--- START ---
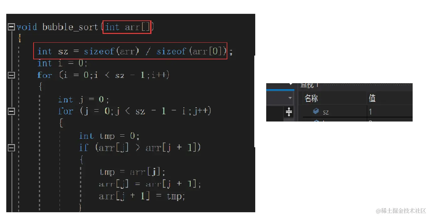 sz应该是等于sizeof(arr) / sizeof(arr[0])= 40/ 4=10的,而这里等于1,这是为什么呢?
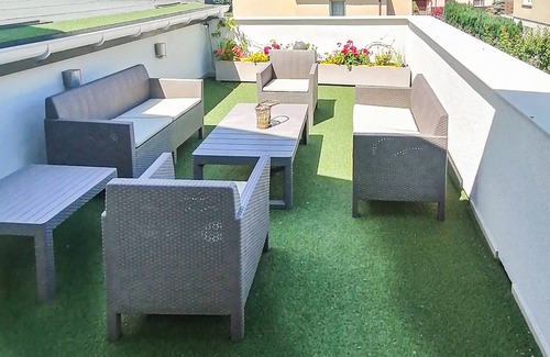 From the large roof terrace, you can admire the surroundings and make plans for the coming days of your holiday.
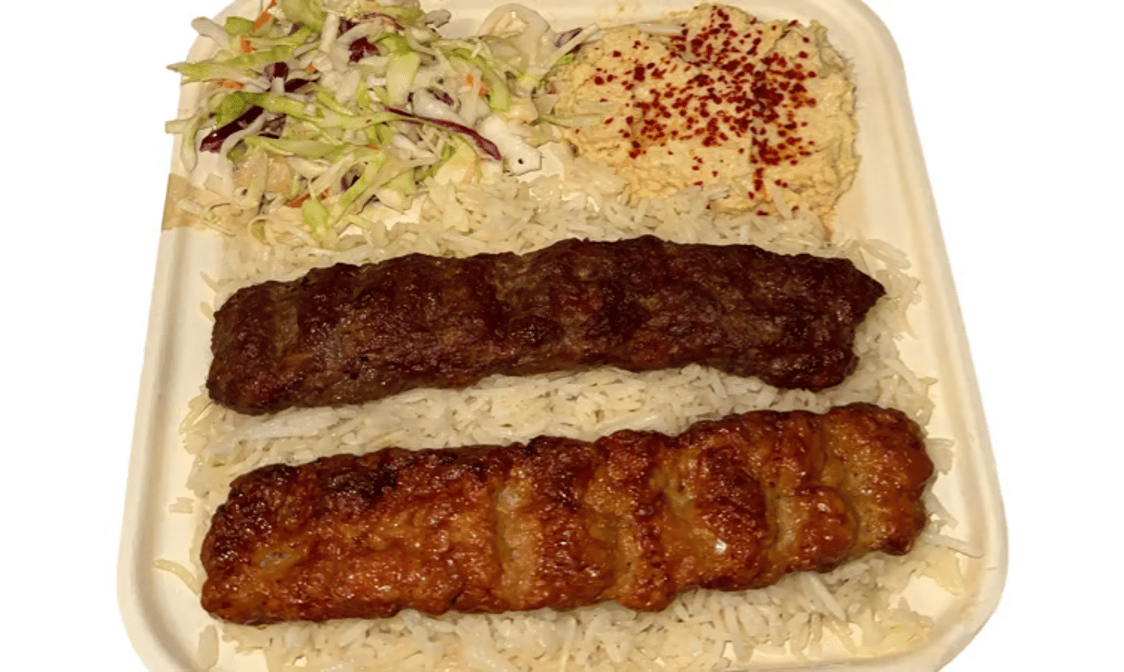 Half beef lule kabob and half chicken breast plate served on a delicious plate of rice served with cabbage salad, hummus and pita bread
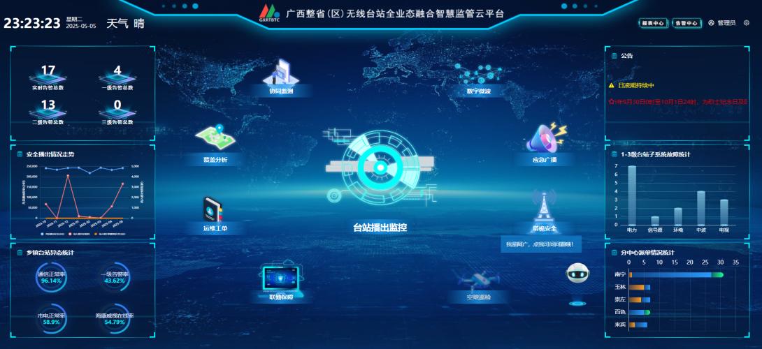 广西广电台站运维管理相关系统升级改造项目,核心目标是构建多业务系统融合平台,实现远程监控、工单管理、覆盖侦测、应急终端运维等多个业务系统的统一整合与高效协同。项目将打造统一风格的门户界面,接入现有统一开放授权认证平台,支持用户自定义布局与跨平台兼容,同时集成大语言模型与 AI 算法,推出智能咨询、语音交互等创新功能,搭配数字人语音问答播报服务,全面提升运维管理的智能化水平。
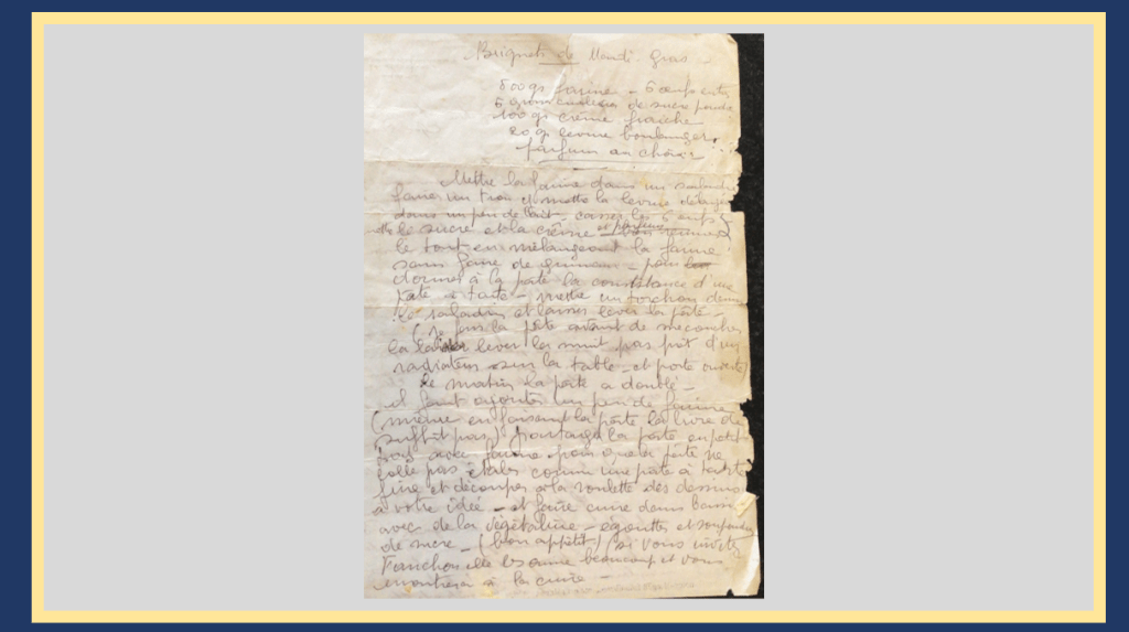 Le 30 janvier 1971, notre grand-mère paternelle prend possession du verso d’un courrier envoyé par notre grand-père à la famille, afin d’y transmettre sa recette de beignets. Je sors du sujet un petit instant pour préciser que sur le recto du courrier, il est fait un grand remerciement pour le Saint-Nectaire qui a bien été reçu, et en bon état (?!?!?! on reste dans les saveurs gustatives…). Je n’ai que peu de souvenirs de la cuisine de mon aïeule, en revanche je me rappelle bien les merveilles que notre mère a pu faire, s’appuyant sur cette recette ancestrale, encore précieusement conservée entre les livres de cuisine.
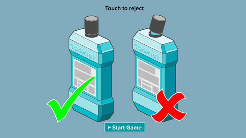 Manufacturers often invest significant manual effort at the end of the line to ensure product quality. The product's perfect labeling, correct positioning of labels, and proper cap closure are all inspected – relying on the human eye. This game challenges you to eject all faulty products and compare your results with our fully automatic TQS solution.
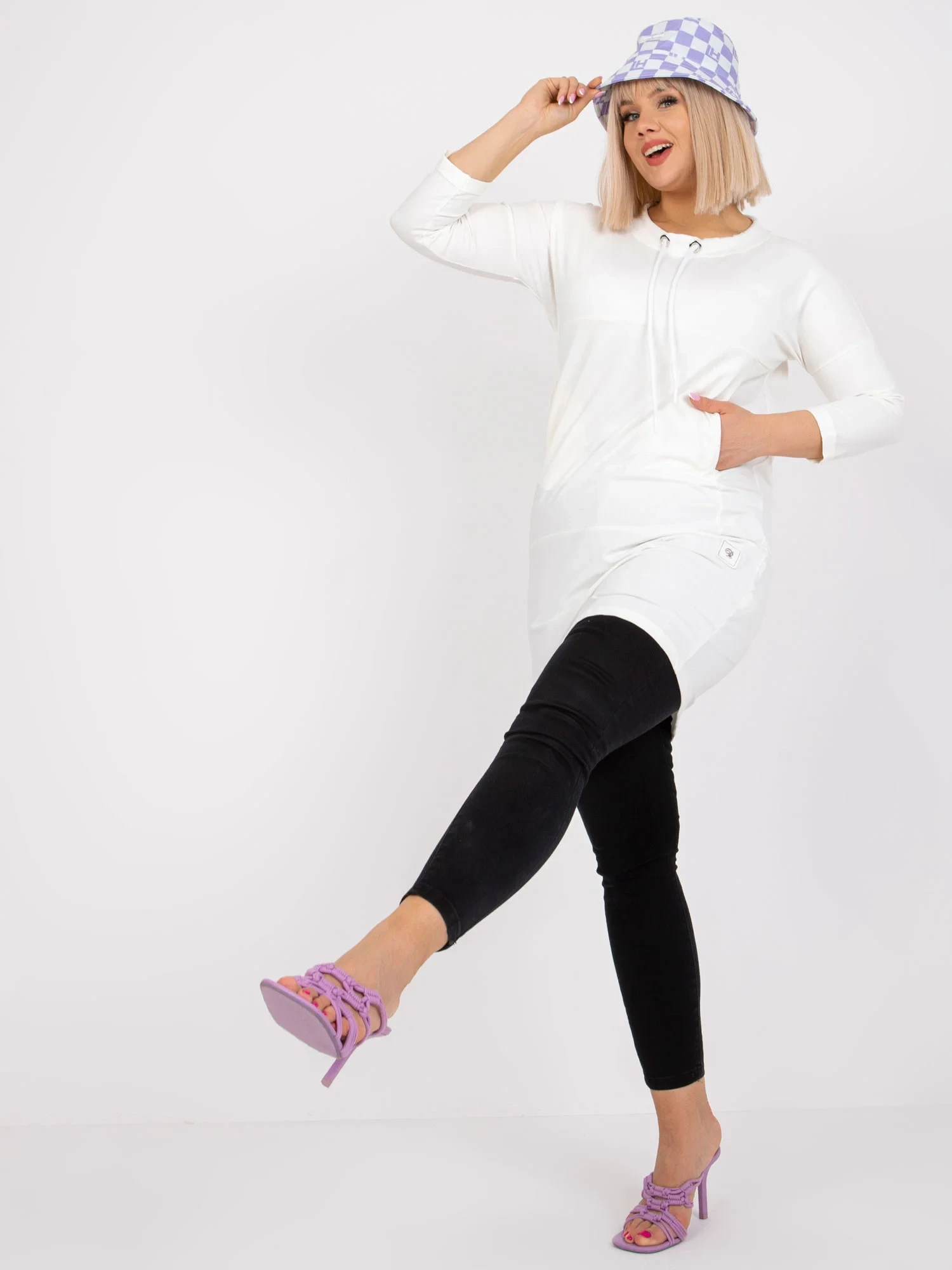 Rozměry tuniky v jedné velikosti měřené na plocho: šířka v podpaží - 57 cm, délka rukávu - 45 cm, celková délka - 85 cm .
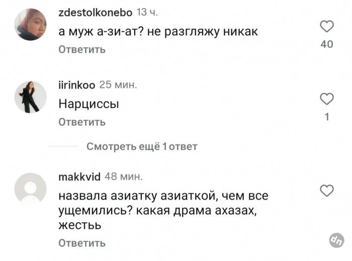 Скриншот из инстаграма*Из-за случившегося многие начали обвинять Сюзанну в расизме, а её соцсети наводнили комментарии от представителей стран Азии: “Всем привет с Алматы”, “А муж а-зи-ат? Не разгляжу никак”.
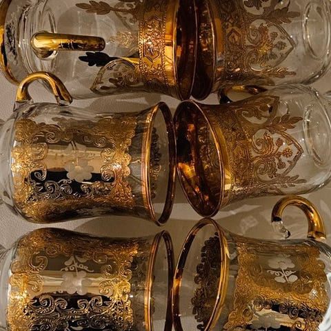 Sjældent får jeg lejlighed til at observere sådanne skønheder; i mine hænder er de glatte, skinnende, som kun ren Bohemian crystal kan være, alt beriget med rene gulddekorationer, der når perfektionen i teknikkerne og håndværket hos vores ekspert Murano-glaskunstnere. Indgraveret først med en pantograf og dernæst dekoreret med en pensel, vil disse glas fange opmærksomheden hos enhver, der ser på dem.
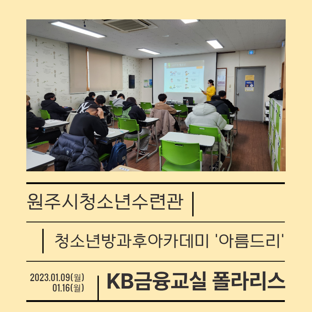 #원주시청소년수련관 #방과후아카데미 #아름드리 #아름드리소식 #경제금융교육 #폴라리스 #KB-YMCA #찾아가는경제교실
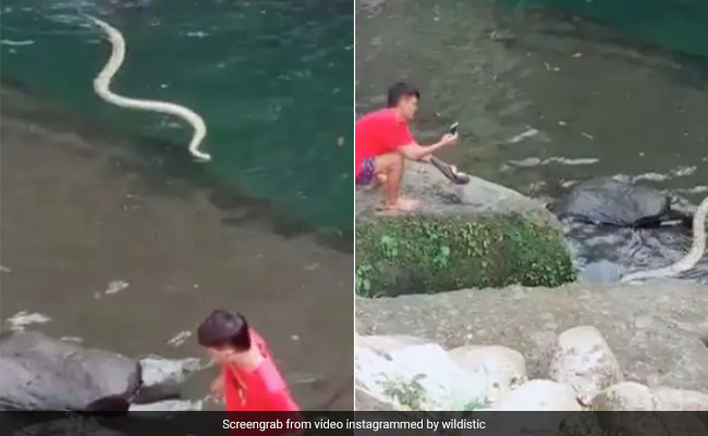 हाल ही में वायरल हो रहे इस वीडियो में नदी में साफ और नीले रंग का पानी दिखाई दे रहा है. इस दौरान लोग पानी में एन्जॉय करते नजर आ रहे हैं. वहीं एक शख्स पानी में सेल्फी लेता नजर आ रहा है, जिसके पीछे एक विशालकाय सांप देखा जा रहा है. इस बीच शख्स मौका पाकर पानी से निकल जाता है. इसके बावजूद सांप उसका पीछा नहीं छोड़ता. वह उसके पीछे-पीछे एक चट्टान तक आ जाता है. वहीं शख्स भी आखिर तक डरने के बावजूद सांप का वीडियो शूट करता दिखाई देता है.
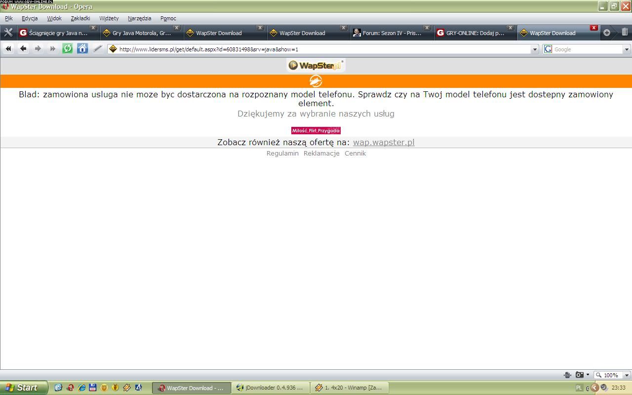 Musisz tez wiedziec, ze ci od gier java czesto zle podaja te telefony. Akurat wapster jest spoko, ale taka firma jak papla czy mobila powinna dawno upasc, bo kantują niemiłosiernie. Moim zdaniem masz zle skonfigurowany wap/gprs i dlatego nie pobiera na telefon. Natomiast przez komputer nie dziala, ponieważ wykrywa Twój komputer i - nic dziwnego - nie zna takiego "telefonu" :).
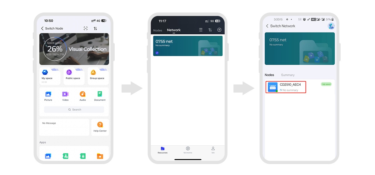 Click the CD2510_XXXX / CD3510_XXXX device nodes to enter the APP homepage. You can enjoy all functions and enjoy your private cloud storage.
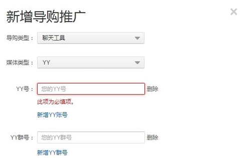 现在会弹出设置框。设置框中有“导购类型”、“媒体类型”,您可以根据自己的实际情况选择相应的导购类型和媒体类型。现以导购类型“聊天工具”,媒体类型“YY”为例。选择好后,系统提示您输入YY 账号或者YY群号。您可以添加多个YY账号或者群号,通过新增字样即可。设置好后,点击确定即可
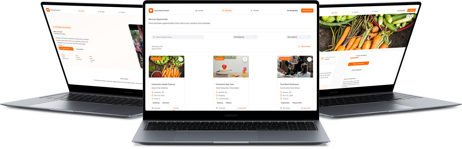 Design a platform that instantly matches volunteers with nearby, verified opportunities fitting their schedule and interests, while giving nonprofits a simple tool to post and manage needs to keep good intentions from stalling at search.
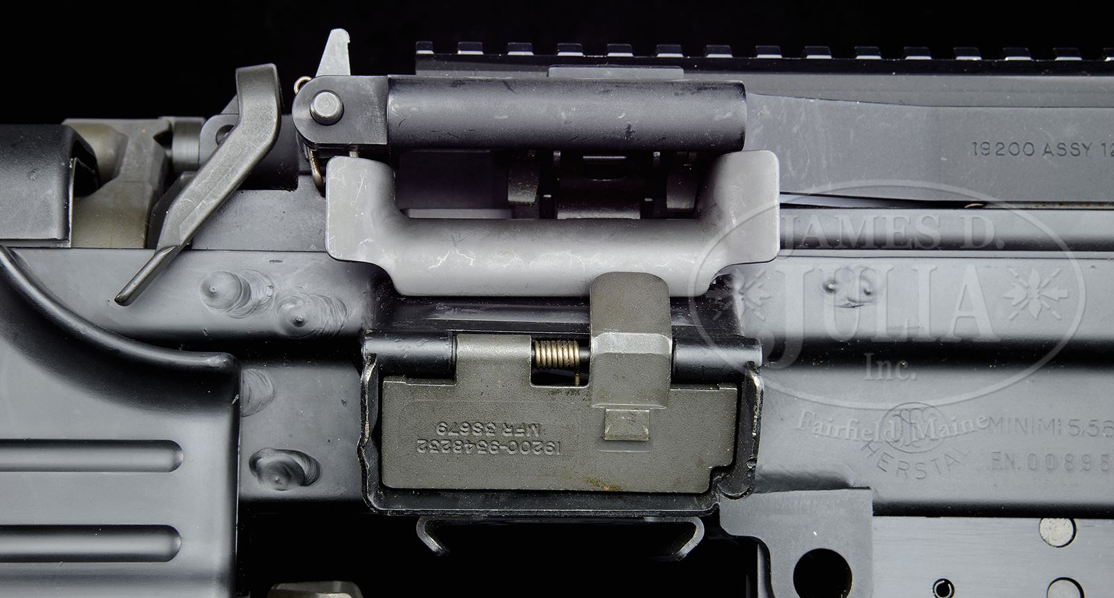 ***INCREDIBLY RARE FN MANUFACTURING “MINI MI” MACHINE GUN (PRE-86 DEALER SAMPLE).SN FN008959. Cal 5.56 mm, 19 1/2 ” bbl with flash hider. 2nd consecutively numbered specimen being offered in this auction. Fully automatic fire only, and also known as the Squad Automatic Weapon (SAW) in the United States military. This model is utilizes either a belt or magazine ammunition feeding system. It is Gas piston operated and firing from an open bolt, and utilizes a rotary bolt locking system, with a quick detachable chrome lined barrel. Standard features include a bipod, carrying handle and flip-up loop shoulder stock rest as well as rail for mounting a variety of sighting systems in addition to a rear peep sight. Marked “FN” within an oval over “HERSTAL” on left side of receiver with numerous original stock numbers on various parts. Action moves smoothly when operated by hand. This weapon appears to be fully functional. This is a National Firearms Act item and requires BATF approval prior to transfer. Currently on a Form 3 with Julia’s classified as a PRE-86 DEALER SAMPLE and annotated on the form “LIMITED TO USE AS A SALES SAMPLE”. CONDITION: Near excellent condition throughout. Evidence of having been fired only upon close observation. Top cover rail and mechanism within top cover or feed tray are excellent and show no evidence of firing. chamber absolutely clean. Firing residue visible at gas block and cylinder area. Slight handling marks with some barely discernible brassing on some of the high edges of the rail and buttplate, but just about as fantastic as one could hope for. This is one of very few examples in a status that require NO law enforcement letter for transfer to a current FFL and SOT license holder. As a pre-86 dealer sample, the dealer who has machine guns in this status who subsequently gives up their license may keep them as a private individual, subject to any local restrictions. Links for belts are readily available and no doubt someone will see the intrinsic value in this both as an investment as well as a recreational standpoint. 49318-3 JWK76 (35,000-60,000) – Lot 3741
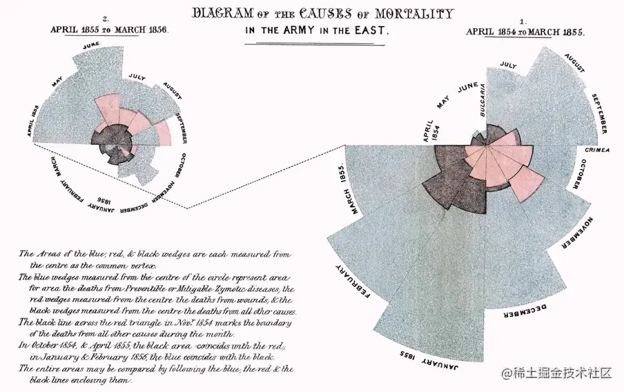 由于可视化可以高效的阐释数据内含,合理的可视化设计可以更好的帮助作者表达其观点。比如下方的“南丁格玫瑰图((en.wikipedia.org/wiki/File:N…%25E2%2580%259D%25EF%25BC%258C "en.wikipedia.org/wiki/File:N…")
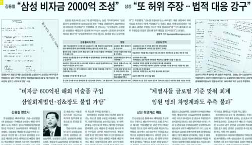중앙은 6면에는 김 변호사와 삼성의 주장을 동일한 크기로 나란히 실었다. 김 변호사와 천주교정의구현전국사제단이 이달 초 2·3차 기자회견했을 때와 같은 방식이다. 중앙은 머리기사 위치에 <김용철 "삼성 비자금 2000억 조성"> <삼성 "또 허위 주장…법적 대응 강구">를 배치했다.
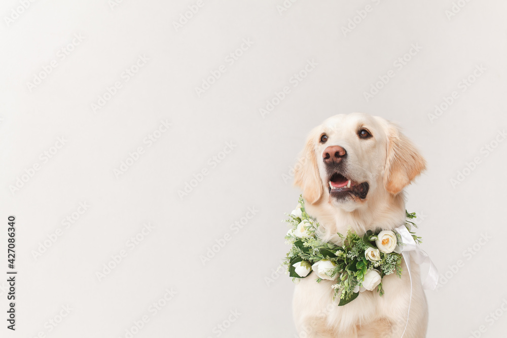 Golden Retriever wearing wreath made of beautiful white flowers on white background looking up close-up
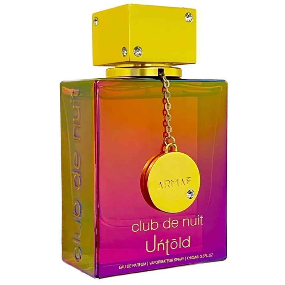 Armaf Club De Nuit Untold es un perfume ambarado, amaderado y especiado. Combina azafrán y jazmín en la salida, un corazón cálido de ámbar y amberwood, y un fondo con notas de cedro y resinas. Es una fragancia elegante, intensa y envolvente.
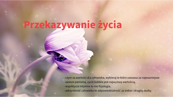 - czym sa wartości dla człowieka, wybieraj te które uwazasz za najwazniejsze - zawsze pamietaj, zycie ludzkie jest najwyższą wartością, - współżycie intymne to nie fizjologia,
--- END ---
YOUR GOAL: Start with the line with "Rozměry tuniky v" in the listing above and stop after the line with "Скриншот из инстаграма*Из-за". Write out exactly the lines in that stretch and no others, without pictures.

RESPONSE TO THE TASK:
 Rozměry tuniky v jedné velikosti měřené na plocho: šířka v podpaží - 57 cm, délka rukávu - 45 cm, celková délka - 85 cm .
 Скриншот из инстаграма*Из-за случившегося многие начали обвинять Сюзанну в расизме, а её соцсети наводнили комментарии от представителей стран Азии: “Всем привет с Алматы”, “А муж а-зи-ат? Не разгляжу никак”.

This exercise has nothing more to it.